# Southern Cal



## Judy Myers (Feb 15, 2009)

The Derby just completed two series. Callbacks to the 3rd (18 dogs):

1, 3, 4, 5, 6, 7, 8, 9, 11, 12, 13, 14, 23, 24, 27, 29, 30, 31


----------



## Judy Myers (Feb 15, 2009)

The Open is a triple with two retired on relatively flat terrain. The dogs run from a mound with a taller but narrower mound in front of them that they have to negotiate and from the curve of a channel so that the dog must angle the channel up front enroute to all birds. The first bird down is short and in the middle, thrown left to right, and retired behind a holding blind disguised by brush. The next down on the left is the flyer in the middle distance shot right to left. The three gunners retire behind a holding blind. The last bird down is on the right and by far the longest bird thrown right to left by two gunners who then sit down and remain visible. There is at least one winding channel of water enroute to the long bird. The go bird and the short bird are converging. I am told that some early dogs had problems with the test until the handlers started selecting the flyer first. The ones I watched all did the test with varying hunts by picking up the flyer, then the short retired, then the mark thrown by the long up guns.

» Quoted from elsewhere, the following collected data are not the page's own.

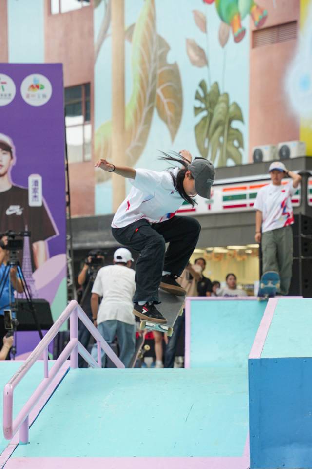 紧接着,滑板展示环节更是将现场气氛推向了高潮。郑好好、曾文蕙、朱沅铃、潘家杰、陈烨等滑板运动员在滑板道具上展示了他们高超的技巧和独特的魅力,赢得观众阵阵喝彩。
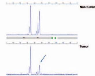 and non-tumor tissue are shown. Arrow shows reduced intensity of longer all ele.
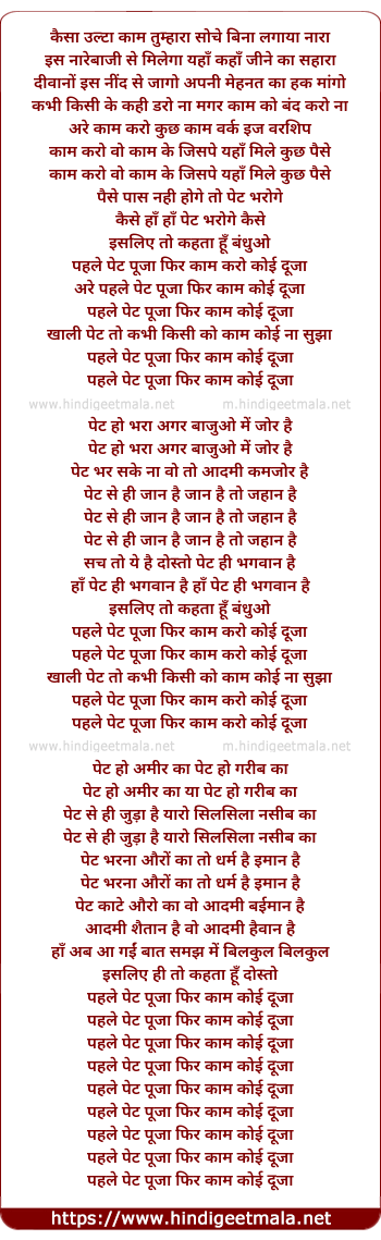 Lyrics of Pehle Pet Pooja - पहले पेट पूजा

The weather is very warm, approaching 90 degrees and humid with little wind most of the time.


----------



## Judy Myers (Feb 15, 2009)

Derby Callbacks to the 4th series (12 dogs):

4, 5, 8, 9, 11, 12, 13, 14, 27, 29, 30, 31

The Open finished just as it turned dark. We are waiting for callbacks. If I can get them and if my Verizon broadband does not switch me to the very weak 4G signal that causes me to be unable to connect in the evenings, I will post them. 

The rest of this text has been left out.